Se Deus existisse, seria como qualquer outra realidade que existe. As reservas que tenho em conjugar as palavras “Deus existe” advém de serem uma conjugação muito limitada para a Realidade-que-tudo-determina. O que me parece fazer mais sentido é afirma que “Deus é Existência” (além de Deus é Amor, como nas Cartas de S.João). Porém, faz algum sentido perguntar se “a Existência existe?” Não creio. Sabemos pouco de Deus, mas se acolhermos esta possibilidade de contemplar Deus como a Existência que dá sentido a tudo, relacionamos corretamente “Existência” e “Deus”. A existência de Deus não faz sentido porque Deus é a existência.
Se Deus é Existência, não faz sentido provar a sua existência, mas sim experimentar essa Existência. Na prática, a questão da existência de Deus muda e torna-se: “É possível experimentar Deus-Existência?” A experiência íntima de quem procura Deus é um caminho de crescimento e sabedoria. Se substituirmos a busca da existência pela da busca da experiência, que palavra poderia substituir a “prova”? Diria — “Inferência”.
É legítimo perguntar que experiência fazemos de Deus-Existência. Por isso, a busca sem sentido de provas torna-se uma busca intencional de inferências a partir da nossa experiência. E o modo como inferimos depende do confronto que fazemos entre aquilo que vivemos e experiências passadas. Então, o que podemos inferir da experiência de Deus-Existência?
Bolloré e Bonnassies não oferecem “provas” da existência de Deus, mas relacionam conhecimentos que permitem inferir sobre a possibilidade de experienciar Deus-Existência através da contemplação das equações que revelam um universo com início e constantes que se variassem nos seus valores, tudo desmoronaria. Porém, estou mais inclinado para o desmoronar dos nossos modelos. Contudo, ao limitarem-se à física, Bolloré e Bonnassies arriscam oferecer uma visão redutora do mundo criado. A realidade é feita de relações complexas, com ordem emergindo do caos. A complexidade surge de padrões no caos, proporcionando uma experiência de beleza pela harmonia de contrastes que pode tornar-se numa experiência de Deus-Existência.
A ânsia de provar Deus através da ciência pode vir da dificuldade em aceitar que Deus criou um mundo distinto de Si, que se desenvolve autonomamente. A autonomia é um dom de Deus-Existência que garante a liberdade do mundo.

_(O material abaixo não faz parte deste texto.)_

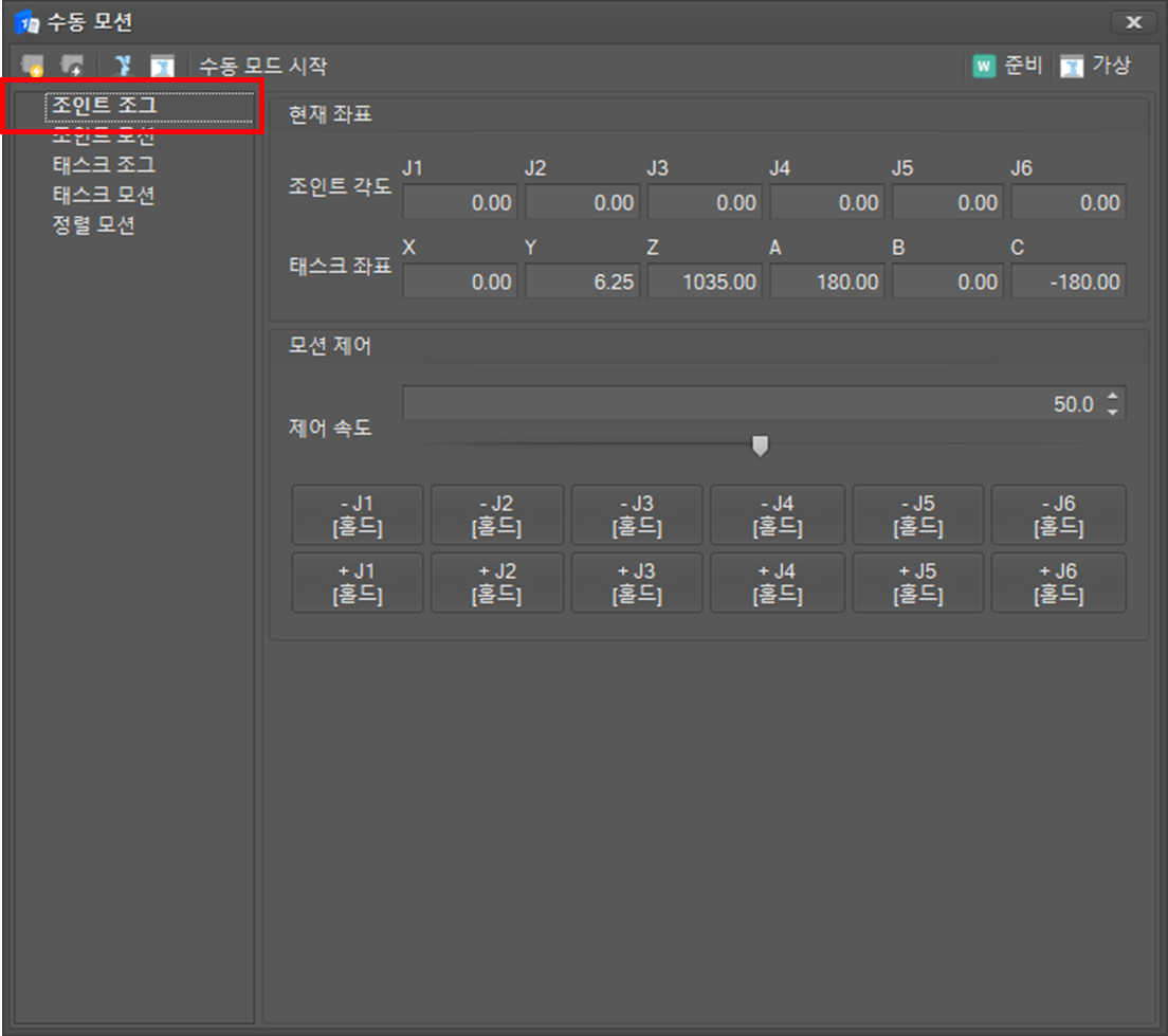 수동 모션 목록에서 조인트 조그를 선택하십시오. 현재 조인트 각도와 TCP 위치가 표시되며 100밀리세컨드 간격으로 업데이트됩니다.

Se estivéssemos presentes no início do universo, não poderíamos inferir a possibilidade de vida por não existir sequer carbono. Podemos com isso inferir estarmos numa narrativa inacabada, e que Deus continua a criar e a renovar.
A falsa pergunta sobre as provas da existência de Deus mantém-nos desorientados, como cães a perseguir a própria cauda. Espero que um dia sigamos um caminho mais interessante, unindo a experiência exterior e interior para inferir como e porquê Deus-Existência, que é Amor, escolheu criar um universo livre. Alguns recusam a experiência de Ele ser Existência, preferindo a ilusão da questão da existência. Talvez seja mais fácil manter perguntas sem sentido, desafiando a crença de quem experimenta Deus. Para quem teme que tais perguntas abalem a sua fé, digo: Deus não é a Resposta a todas as perguntas, mas a Pergunta que mantém viva a busca pelo sentido da vida. Não são as perguntas que nos mantêm em movimento? Creio que Deus quer fazer da nossa vida uma busca infinita pela sabedoria sem fim.